# Source data

_ _ _ _ _

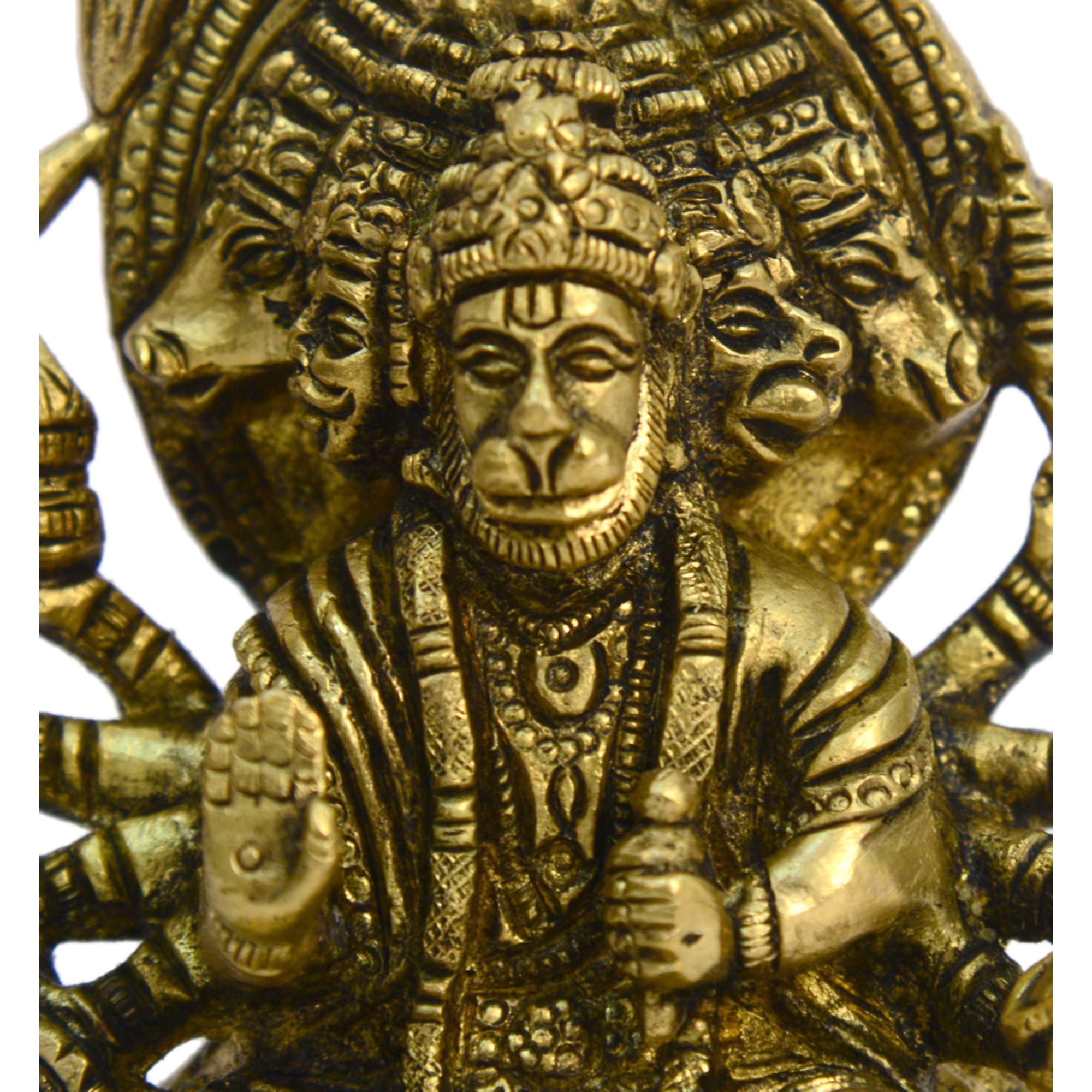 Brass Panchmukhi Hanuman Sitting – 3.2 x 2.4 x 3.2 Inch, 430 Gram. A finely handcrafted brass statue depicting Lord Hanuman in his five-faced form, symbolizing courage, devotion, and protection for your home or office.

_ _ _ _ _

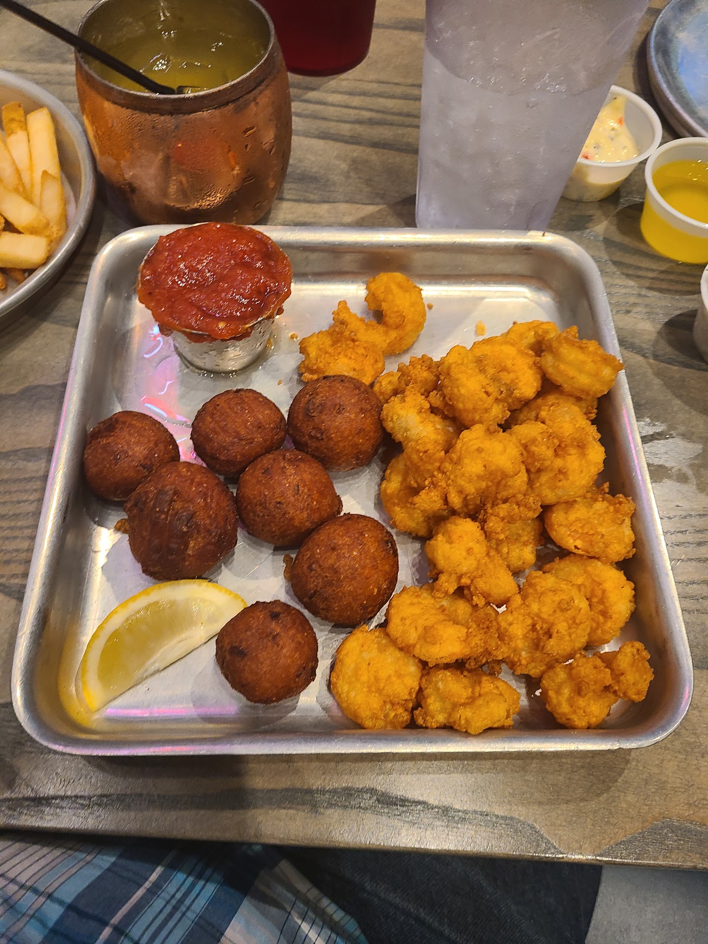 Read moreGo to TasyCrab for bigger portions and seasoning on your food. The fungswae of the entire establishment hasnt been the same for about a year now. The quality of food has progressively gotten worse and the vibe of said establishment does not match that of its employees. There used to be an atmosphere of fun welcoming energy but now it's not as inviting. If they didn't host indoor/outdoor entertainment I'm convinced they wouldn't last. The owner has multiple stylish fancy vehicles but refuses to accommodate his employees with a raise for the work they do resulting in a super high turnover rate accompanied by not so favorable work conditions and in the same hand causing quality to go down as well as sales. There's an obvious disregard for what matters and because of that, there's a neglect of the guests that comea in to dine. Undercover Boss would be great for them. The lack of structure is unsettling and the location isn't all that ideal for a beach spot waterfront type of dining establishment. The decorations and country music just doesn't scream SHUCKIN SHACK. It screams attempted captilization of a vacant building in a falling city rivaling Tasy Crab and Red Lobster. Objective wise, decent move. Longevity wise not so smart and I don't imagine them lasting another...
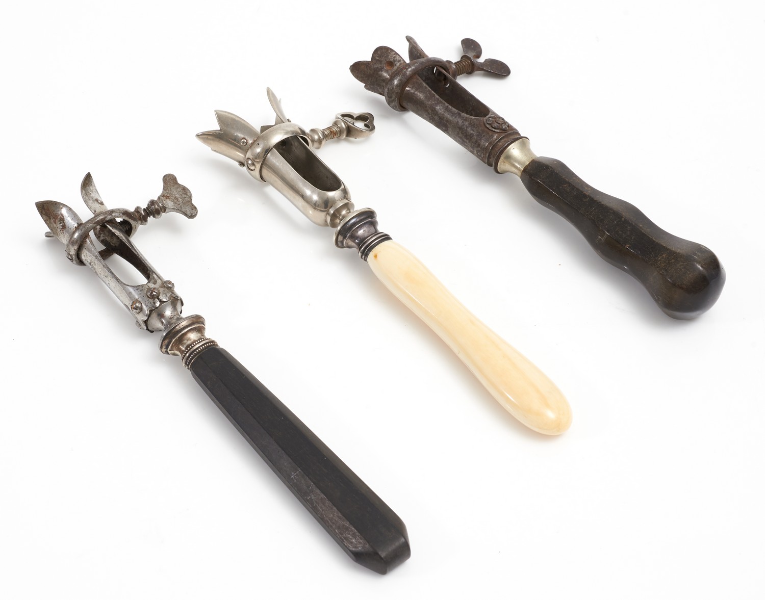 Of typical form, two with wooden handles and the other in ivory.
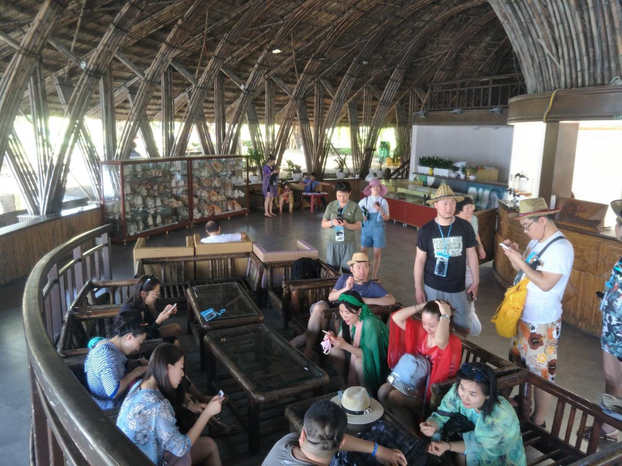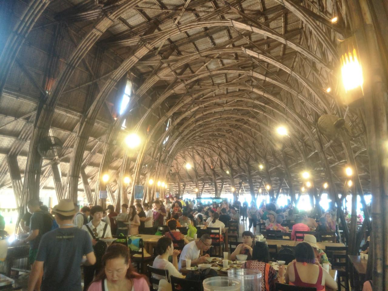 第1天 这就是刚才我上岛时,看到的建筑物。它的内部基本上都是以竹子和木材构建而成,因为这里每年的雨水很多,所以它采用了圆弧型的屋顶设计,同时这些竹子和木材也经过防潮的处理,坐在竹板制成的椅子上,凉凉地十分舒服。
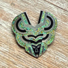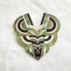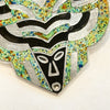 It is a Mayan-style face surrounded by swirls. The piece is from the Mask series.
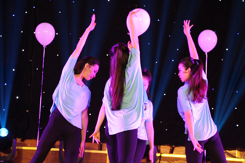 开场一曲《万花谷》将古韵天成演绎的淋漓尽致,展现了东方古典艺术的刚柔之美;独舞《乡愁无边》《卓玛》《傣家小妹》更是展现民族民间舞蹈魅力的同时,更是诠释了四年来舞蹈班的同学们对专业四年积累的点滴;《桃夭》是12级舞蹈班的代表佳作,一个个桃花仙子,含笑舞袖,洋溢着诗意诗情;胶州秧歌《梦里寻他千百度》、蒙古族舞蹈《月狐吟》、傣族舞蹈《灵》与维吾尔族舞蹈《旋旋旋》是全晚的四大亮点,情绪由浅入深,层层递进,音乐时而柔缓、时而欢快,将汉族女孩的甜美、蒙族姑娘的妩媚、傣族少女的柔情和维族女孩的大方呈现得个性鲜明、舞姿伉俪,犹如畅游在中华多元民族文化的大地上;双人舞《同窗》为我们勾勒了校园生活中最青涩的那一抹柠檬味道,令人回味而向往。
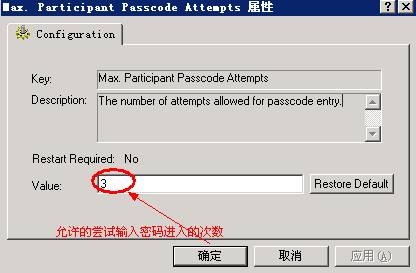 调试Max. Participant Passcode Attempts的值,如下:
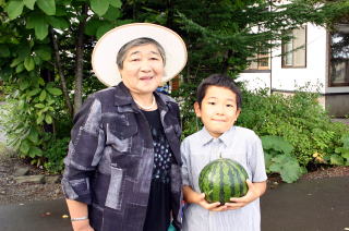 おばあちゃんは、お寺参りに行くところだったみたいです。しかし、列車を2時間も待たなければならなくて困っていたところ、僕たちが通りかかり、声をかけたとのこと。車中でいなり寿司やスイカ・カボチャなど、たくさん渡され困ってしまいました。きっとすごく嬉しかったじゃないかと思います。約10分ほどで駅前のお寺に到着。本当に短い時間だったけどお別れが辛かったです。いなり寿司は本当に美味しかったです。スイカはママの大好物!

_ _ _ _ _

# Exercise aim
Your reply should hold nothing but the lines above, from the one containing "调试Max. Participant Passcode" to the one containing "おばあちゃんは、お寺参りに行", reproduced exactly minus the pictures.

# Answer for the task
 调试Max. Participant Passcode Attempts的值,如下:
 おばあちゃんは、お寺参りに行くところだったみたいです。しかし、列車を2時間も待たなければならなくて困っていたところ、僕たちが通りかかり、声をかけたとのこと。車中でいなり寿司やスイカ・カボチャなど、たくさん渡され困ってしまいました。きっとすごく嬉しかったじゃないかと思います。約10分ほどで駅前のお寺に到着。本当に短い時間だったけどお別れが辛かったです。いなり寿司は本当に美味しかったです。スイカはママの大好物!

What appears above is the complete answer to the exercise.